Preset Configuration Functions¶
kaggle_t4_dual_config¶
Return a pre-tuned MultiGPUConfig for Kaggle's dual Tesla T4 (2 × 16 GB VRAM) environment.
Uses SplitMode.LAYER with a 50/50 tensor split and main_gpu=0.
from llamatelemetry.api.multigpu import kaggle_t4_dual_config
config = kaggle_t4_dual_config(model_size_b=13.0, n_parallel=2)
engine.load_model("meta-llama-3.1-8b-instruct-Q4_K_M", multi_gpu_config=config)
colab_t4_single_config¶
Return a pre-tuned MultiGPUConfig for Google Colab's single Tesla T4 (16 GB VRAM) environment. Uses SplitMode.NONE with n_gpu=1.
from llamatelemetry.api.multigpu import colab_t4_single_config
config = colab_t4_single_config(model_size_b=7.0)
engine.load_model("gemma-3-4b-Q4_K_M", multi_gpu_config=config)
auto_config¶
def auto_config(
model_size_b: Optional[float] = None,
context_size: int = 4096,
n_parallel: int = 1,
) -> MultiGPUConfig
Automatically detect available GPUs and return the optimal MultiGPUConfig. Detects Kaggle, Colab, and generic Linux environments.
| Parameter | Type | Default | Description |
|---|---|---|---|
model_size_b |
Optional[float] |
None |
Model size for VRAM estimation; if None, uses a conservative default |
context_size |
int |
4096 |
Target context size for KV cache estimation |
n_parallel |
int |
1 |
Desired parallel slots |
Returns: Optimally configured MultiGPUConfig.
from llamatelemetry.api.multigpu import auto_config
config = auto_config(model_size_b=13.0, context_size=8192, n_parallel=2)

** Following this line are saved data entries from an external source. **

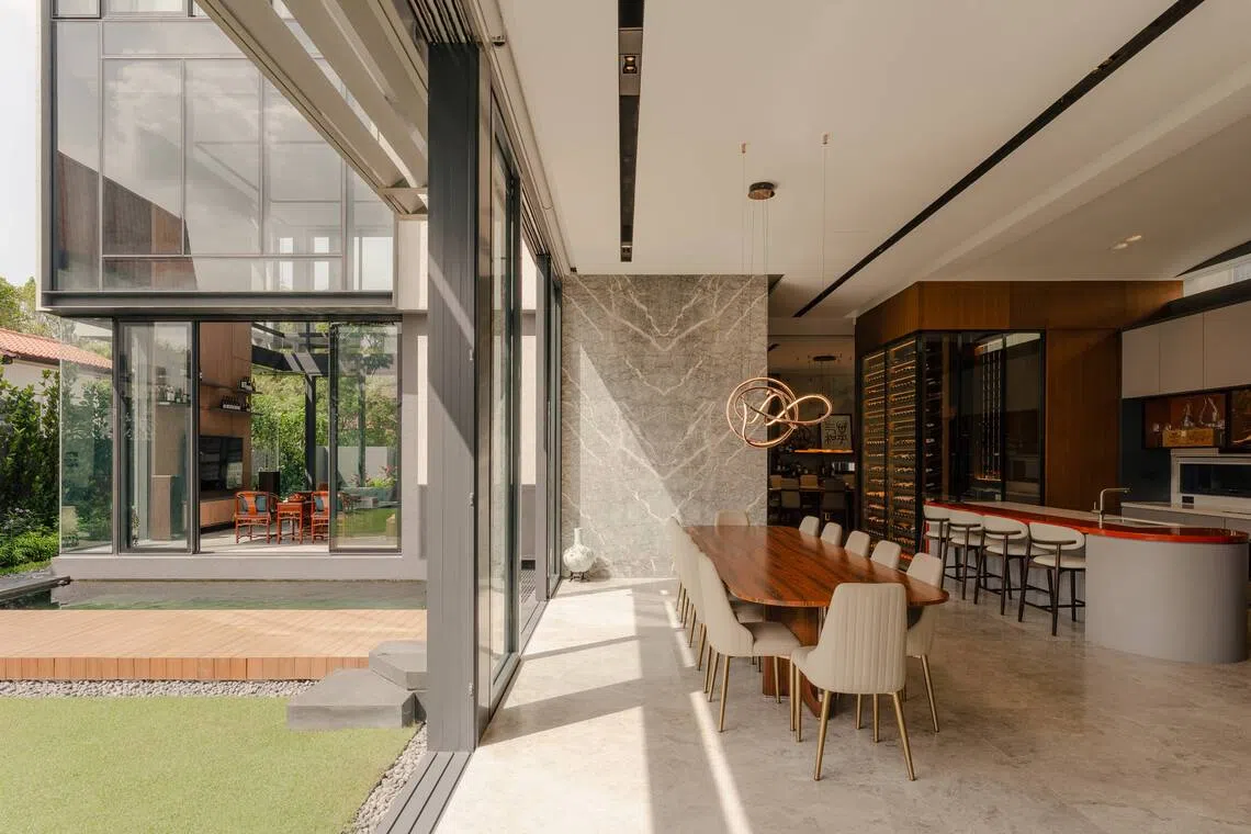 When they bought an 80-year-old bungalow in the Bukit Timah area, the family – comprising a couple and their adult son – wanted the 9,637-square-foot (sq ft) plot turned into a multigenerational home, where they could comfortably host everything from dinner to lawn and pool parties.
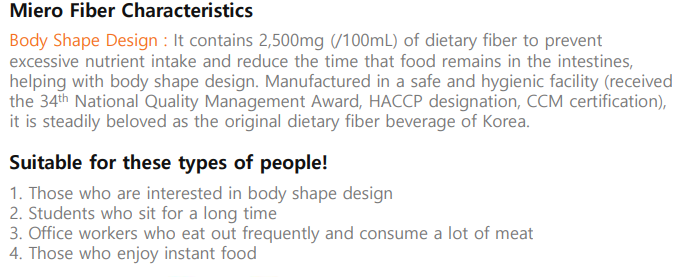 Korea No.1 Dietary Beverage Miero Fiber Drink
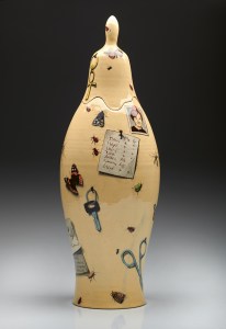 Die Künstlerin aus Halle an der Saale zeigt in real-fantastischer Art und Weise bemalte keramische Objekte. Dabei beeindruckt die nobel strahlende Farbigkeit ebenso wie die täuschend echt wirkenden realistischen Darstellungen.
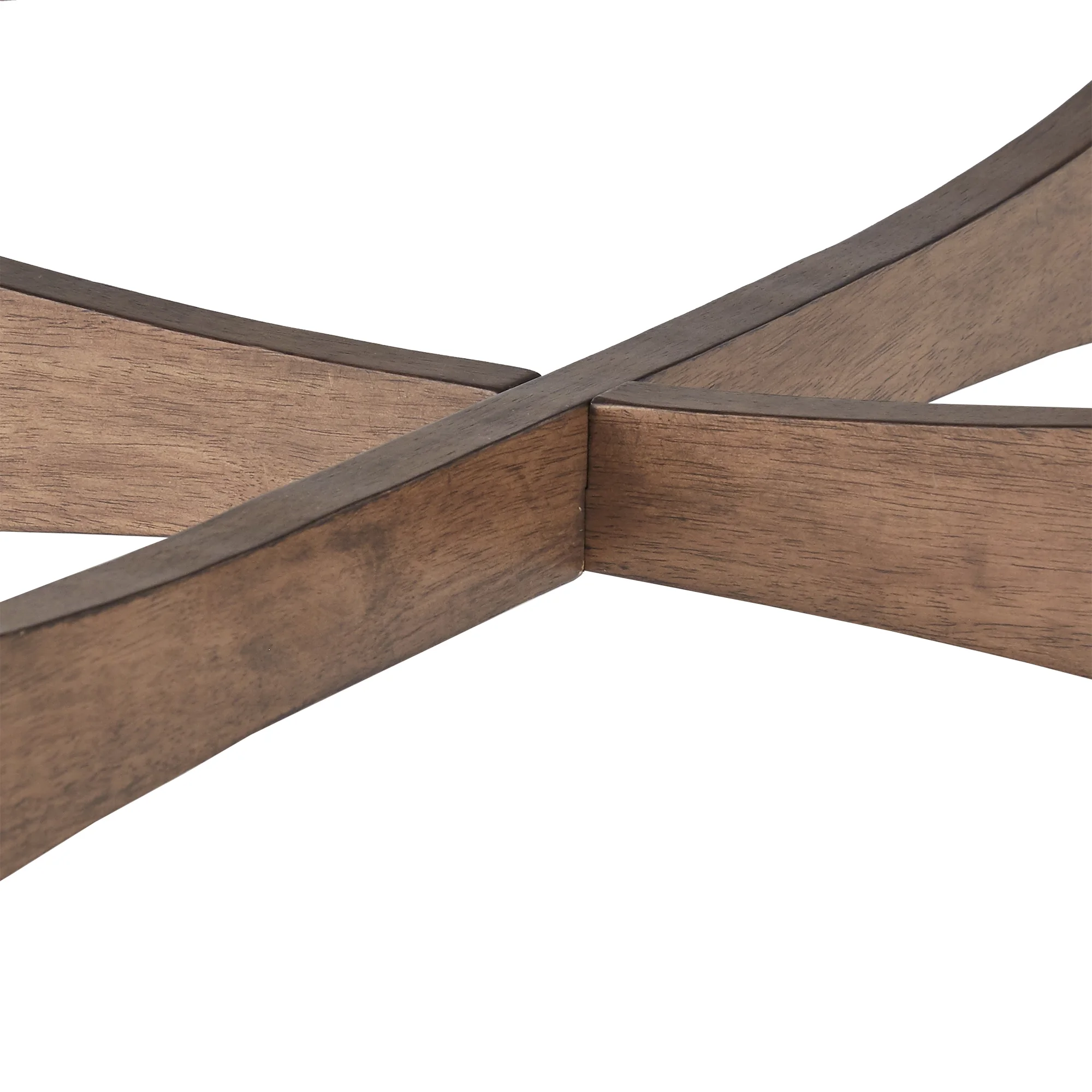 Dimensions: 47.5W x 26D x 18H in. Solid rubberwood frame Choose finish from available X-shaped stretcher with angled legs Minimalist transitional look

print(f"Auto config: {config.n_gpu} GPU(s), mode={config.split_mode}")
nccl module¶
NCCL (NVIDIA Collective Communications Library) support for GPU-to-GPU collective operations in multi-GPU setups. The nccl module wraps libnccl.so.2 via ctypes and provides collective ops needed for model parallelism on dual-T4 Kaggle setups.
Import:
from llamatelemetry.api.nccl import (
NCCLCommunicator,
is_nccl_available,
get_nccl_version,
get_nccl_info,
print_nccl_info,
setup_nccl_environment,
kaggle_nccl_config,
)
NCCLDataType¶
Enum mapping Python/NumPy types to NCCL's ncclDataType_t.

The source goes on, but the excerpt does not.